ЗА НЕСКОЛЬКО ДНЕЙ ДО НАЧАЛА

Москва. 3 апреля

 
   Они договорились с Романенко встречаться в заранее условленных местах, понимая, как важно не обнаруживать их связи. Дронго ждал руководителя следственной группы на квартире, расположенной в отдаленном районе Москвы.
   Каждый раз, начиная подобное расследование, Дронго снимал небольшую конспиративную квартирку, — его дом оставался вне подозрений. Романенко приехал с опозданием на пятнадцать минут. Раздевшись И пройдя в комнату, он с порога заявил:
   — Вы были правы. За вашей квартирой установлено наблюдение. Я попросил ФСБ проверить, кто дежурит в автомобиле, стоящем перед вашим домом. Оказалось, частная охранная фирма «Чагчаран». Их пока не трогают. Вы убеждены, что поступили правильно, решив открыть все карты Бергману?
   — Конечно, убежден. Сегодня уже третье апреля. Найти за месяц человека, скрывающегося в Европе, практически невозможно. Даже Интерпол может оказаться бессилен, если у Труфилова документы на чужое имя. А я не сомневаюсь, что так оно и есть. Мы все-таки имеем дело с бывшим военным разведчиком, а не с дилетантом. Значит, он выехал из Москвы под своей фамилией, а уже затем, по прибытии, пройдя регистрацию на границе, оказался в Шенгенской зоне с другим именем.
   — Да, мы все проверили, — озабоченно вздохнул Романенко, усаживаясь за стол, — он вылетел из Москвы в Амстердам, а потом его след затерялся. Куда он направился, где скрывается все эти месяцы, один бог знает. Точно известно одно: он пока не выезжал за пределы Шенгенской зоны. Вернее, не выезжал человек с паспортом на имя Труфилова. Возможно, он улетел куда-нибудь в Африку или в Азию под другой фамилией.
   — Не думаю. Судя по всему, деньги у него есть. И он понимает, что прятаться нужно среди европейцев или, в крайнем случае, в Северной Америке.

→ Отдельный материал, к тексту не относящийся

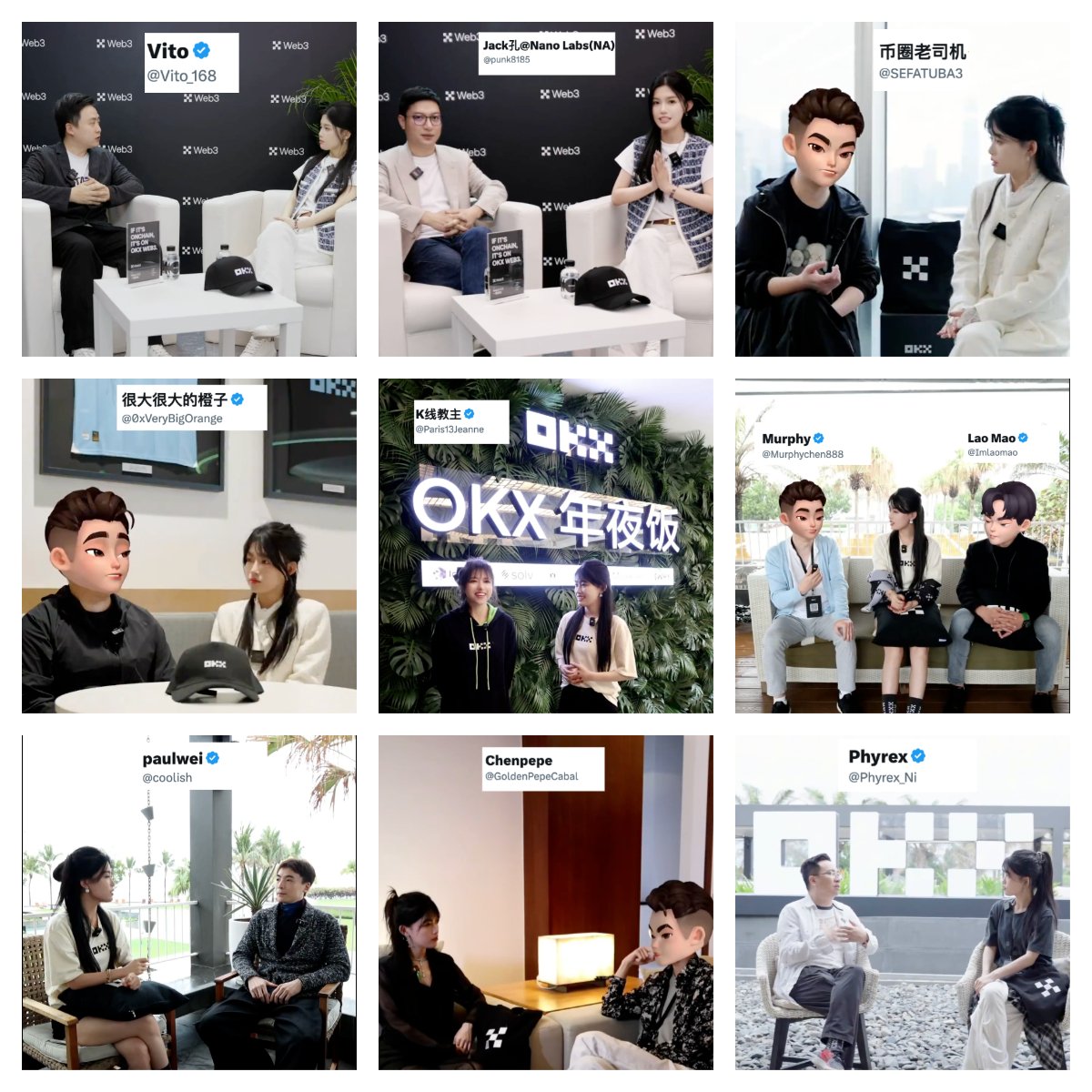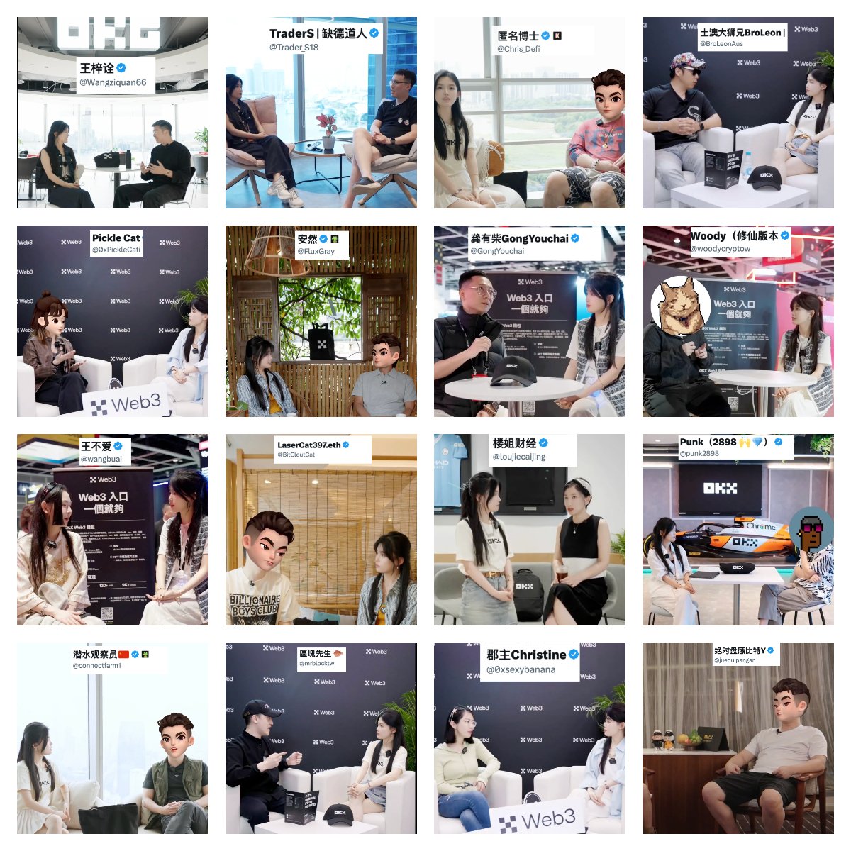 应大家要求,整理了一下在OKX做过的近40期的大佬视频专访到这篇帖子中。 这篇内容我会一直置顶并持续更新 做到 OKX《对话交易员》系列的第 100 期。 当时做采访的初衷,其实很简单 作为一个刚入圈的新人,我对那些在行业里做出成绩的人充满了敬佩,也希望自己能从他们的经验中学习到些什么 同时我想屏幕前的大家,也会有类似需求,以及因此受益。 后来我陆续采访了这个行业各种类型的人: 做空投、链上交易、创业、做代理、做策略、宏观、量化交易、挖矿、二级交易,甚至还有传统金融大v。 他们的经历各不相同,但共同点是: 无论市场怎样波动,他们都能找到属于自己的「胜利方式」,从而活下来。 加入 OKX 之后,我更深刻地理解了这里的长期主义价值观。 当潮水退去,真正能留下的,不是短暂的热度,而是那些值得被记录的人与故事还有经验。 所以我希望通过这些深度专访, 去留下那些真正能不惧牛熊、无论涨跌的成功经验 也希望你能从他们的故事里,找到属于自己的胜利方式💚 --------------------------------------------- 对话交易员 第0期:风无向 @0x0xfeng https://t.co/XGwhNDFend 对话交易员第一期:熬鹰 @thankUcrypto https://t.co/VoyG8qrcN7 对话交易员复采熬鹰:https://t.co/QlAEvHWitc 对话交易员第二期:如果我不懂 @butaidongjiaoyi https://t.co/5STGFpEem0 对话交易员第三期:天晴 @TQLB11 https://t.co/TXZd9emaJD 对话交易员第四期:予与 @yuyuvkx https://t.co/WsgWZZva0h 对话交易员第五期:东方高盛诺亚 @NoahLuba518 https://t.co/zSBqvZcB6A 《OKX的朋友们》对话系列: 《对话》第一期:倪大 @Phyrex_Ni https://t.co/NsejEd5359 《对话》第二期:k线教主 @Paris13Jeanne https://t.co/rbJnrSiHky 《对话》第三期:魏神 @coolish https://t.co/e036kCeCxi 《对话》第四期:Murphy @Murphychen888、猫叔 @Imlaomao https://t.co/A8Djo9cKfP 《对话》第五期:chenpepe @Nyenchenpepe https://t.co/MUT1VTGnZG 《对话》第六期:大橙子 @0xVeryBigOrange https://t.co/MEnpdhd4yP 《对话》第七期:币圈老司机 @SEFATUBA3 https://t.co/OQwuI4NcMC 《对话》第八期:孔剑平 @punk8185 https://t.co/FreslCfuQD 《对话》第九期:Vito @Vito_168 https://t.co/3jXvGLJmMu 《对话》第十期:郡主 @0xsexybanana https://t.co/qEq2p1FWvJ 《对话》第十一期:区块先生 @mrblocktw https://t.co/SMU98nADjR 《对话》第十二期:潜水观察员 @connectfarm1 https://t.co/3VUeJGZSmF 《对话》第十三期:土澳大师兄 @BroLeonAus https://t.co/dkWL47nktv 《对话》第十四期:匿名博士 @Chris_Defi https://t.co/OhI2Zdel3A 《对话》第十五期:黄瓜猫 @0xPickleCati https://t.co/dlpDcuB3nv 《对话》第十六期:Woody @woodycryptow https://t.co/WgYKA9tY7q 《对话》第十七期:安然 @FluxGray https://t.co/pqdpg6ncEN 《对话》第十八期:龚老师 @GongYouchai https://t.co/8d9u1zb4xh 《对话》第十九期:王不爱 @wangbuai https://t.co/PacVltUjrT 《对话》第二十期:镭射猫 @BitCloutCat https://t.co/mwx5bUGyb4 《对话》第二十一期 楼姐财经: @loujiecaijing https://t.co/H3Ze4nHCig 《对话》第二十二期:2898 @punk2898 https://t.co/4djSNsoiaf 《对话》第二十三期:缺德道人 @Trader_S18 https://t.co/C0wlwj3Kxh 《对话》第二十四期:王梓铨 @Wangziquan66 https://t.co/cRsyq8JdPt
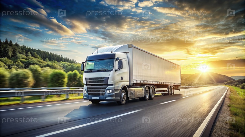 Белый полугрузовик едет по шоссе на закате. генеративный ИИ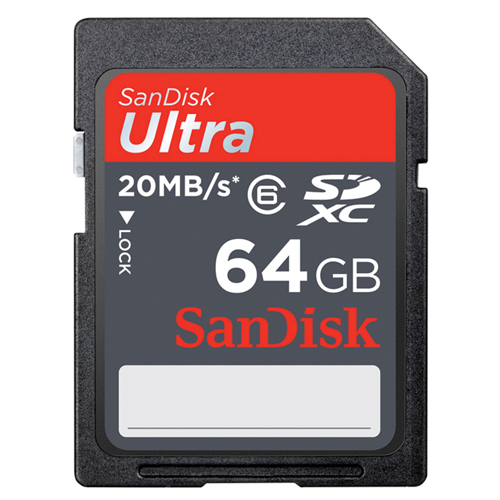 SanDisk Ultra 64GB SDXC Class 6 Memory Card You'll have all the space you need for your photos, videos, files, and more with this Sandisk large capacity SDXC memory card. It offers 64GB of storage capacity and is ideal for high megapixel SDX... Read more

   Другие варианты исключены. В Африке или в Азии труднее затеряться. Кроме того, я ознакомился с некоторыми подробностями его биографии по материалам, которые вы мне дали. Этот господин работал ранее в странах Европы, знает немецкий и английский. Зачем ему страны Азии? Не исключены еще Австралия, ЮАР и Канада.
   Это страны, где он будет чувствовать себя достаточно уверенно. Но все же вероятнее Европа, где у него непременно должны остаться связи и знакомства.
   Если бы мы посмотрели его личное дело из ГРУ, стало бы куда легче.
   — Нам его не дадут, — вздохнул Романенко, — мы трижды запрашивали Министерство обороны, ссылались на неотложность розысков, объясняли, что Труфилов уволен из ГРУ почти десять лет назад. Все безрезультатно. Я подозреваю, что они вообще никому не выдают подобных сведений. Мы получали только биографические данные, которые и без того известны. Их даже можно понять. Наверняка среди людей, с которыми общался Труфилов, были и граждане стран Шенгенской зоны, и ныне действующие агенты. В любом случае из ГРУ мы получали только вежливые отказы.
   — Именно поэтому я пошел на вариант с Бергманом. Руководство компании «Роснефтегаз» может оказаться более заинтересованным в получении нужных нам сведений. И боюсь, будут куда настойчивее вашей организации.
   — Вы хотите сказать, что они могут получить секретные материалы из ГРУ?
   — изумился Романенко. — Конечно, в нашей стране царит бардак, но не до такой степени.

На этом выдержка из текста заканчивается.